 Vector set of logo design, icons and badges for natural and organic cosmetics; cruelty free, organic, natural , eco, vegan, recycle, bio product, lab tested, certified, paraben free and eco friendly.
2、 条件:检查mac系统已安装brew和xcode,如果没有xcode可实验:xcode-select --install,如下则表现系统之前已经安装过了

####################

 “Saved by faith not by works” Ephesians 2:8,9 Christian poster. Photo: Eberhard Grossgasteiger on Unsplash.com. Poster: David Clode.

####################

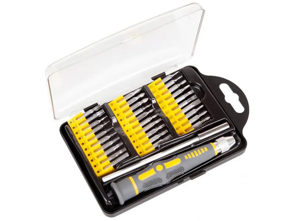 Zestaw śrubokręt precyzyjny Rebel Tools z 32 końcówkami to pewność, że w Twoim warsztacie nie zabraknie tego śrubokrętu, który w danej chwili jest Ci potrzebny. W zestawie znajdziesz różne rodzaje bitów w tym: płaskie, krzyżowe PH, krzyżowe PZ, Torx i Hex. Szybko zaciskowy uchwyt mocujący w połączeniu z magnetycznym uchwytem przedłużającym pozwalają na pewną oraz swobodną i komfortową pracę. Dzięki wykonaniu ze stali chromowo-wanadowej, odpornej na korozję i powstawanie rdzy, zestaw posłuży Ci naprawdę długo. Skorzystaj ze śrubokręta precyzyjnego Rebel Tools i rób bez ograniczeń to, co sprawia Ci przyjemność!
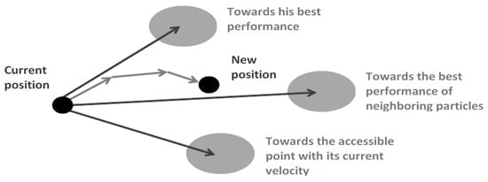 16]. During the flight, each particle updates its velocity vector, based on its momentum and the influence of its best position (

####################

What you are asked to do
No picture is to be printed. Output exactly the lines above from the line containing "Zestaw śrubokręt precyzyjny" through the line containing "16]. During the".

Your solution
 Zestaw śrubokręt precyzyjny Rebel Tools z 32 końcówkami to pewność, że w Twoim warsztacie nie zabraknie tego śrubokrętu, który w danej chwili jest Ci potrzebny. W zestawie znajdziesz różne rodzaje bitów w tym: płaskie, krzyżowe PH, krzyżowe PZ, Torx i Hex. Szybko zaciskowy uchwyt mocujący w połączeniu z magnetycznym uchwytem przedłużającym pozwalają na pewną oraz swobodną i komfortową pracę. Dzięki wykonaniu ze stali chromowo-wanadowej, odpornej na korozję i powstawanie rdzy, zestaw posłuży Ci naprawdę długo. Skorzystaj ze śrubokręta precyzyjnego Rebel Tools i rób bez ograniczeń to, co sprawia Ci przyjemność!
 16]. During the flight, each particle updates its velocity vector, based on its momentum and the influence of its best position (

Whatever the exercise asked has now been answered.